Belle-Isle prit son parti d’agir de vigueur et de marcher droit sur l’obstacle : on lui signalait comme la principale difficulté l’opposition du neveu de l’électeur, le comte d’Elz, tout-puissant, disait-on, sur l’esprit affaibli de son oncle, et on croyait savoir même le chiffre exact de la somme que Colloredo lui avait donnée pour s’assurer de son concours. Belle-Isle le fit venir et lui posa sans détour, à brûle-pourpoint, l’alternative suivante : un million de livres déposé chez tel banquier qu’il indiquerait et qui pourrait être touché vingt-quatre heures après l’élection si le suffrage de l’archevêque était conforme aux vues de la France; si cette offre était refusée, le roi connaîtrait qui était son ennemi et, en cas de guerre, saurait s’en souvenir.
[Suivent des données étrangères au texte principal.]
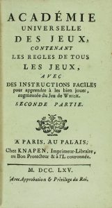 1765. (JUEGOS). ACADÉMIE UNIVERSELLE DES JEUX CONTENANT LES RÈGLES DE TOUS LES JEUX, AVEC INSTRUCTIONS FACILES POUR APPRENDRE À LES BIEN JOUER, augmentée du Jeu de Whisk. Paris : chez Leclerc, 1765.

On pouvait même prévoir l’éventualité où l’archevêque, qui était vieux et infirme, viendrait à mourir, et en ce cas on saurait bien rendre le séjour de Mayence intenable pour sa famille, qui n’y était pas populaire. Le neveu, tout étourdi de cette charge à fond de train, balbutia quelques mots sur les engagemens d’honneur qui avaient été pris avec Charles VI avant sa mort, puis finit par se rendre à discrétion, du moins en apparence, sous la condition que la transaction resterait enveloppée du plus profond secret. « Soyez tranquille, reprit Belle-Isle, je serai bien aussi discret que l’a été le comte Colloredo sur les cent mille francs qu’il vous a donnés. » Grande indignation du comte d’Elz, qui jura que c’était une calomnie. « Comment peut-on croire de pareilles choses? s’écria-t-il. Ne sait-on pas que le grand-duc de Toscane est un avare qui ne veut jamais rien payer ? » Là-dessus Belle-Isle, qui au fond ne tenait pas non plus à ce que le marché fût connu, termina l’entretien en avertissant son nouvel associé que, pour peu qu’il en laissât transpirer la moindre chose et surtout qu’un agent autrichien en eût connaissance, on lui enverrait de France par la poste un démenti public et catégorique[2].

En rendant compte de cette conversation au ministère, Belle-Isle exprimait la contrariété qu’il éprouvait de voir toujours opposer des engagemens de conscience aux offres sagement intéressées qu’il

  1. Blondel, résident de France à Amelot, 25 janvier 1741. (Correspondance de Mayence. Ministère des affaires étrangères.)
  2. Belle-Isle à Amelot, 8 avril 1741. (Lettre particulière, Correspondance de l’ambassade à la diète de Francfort.)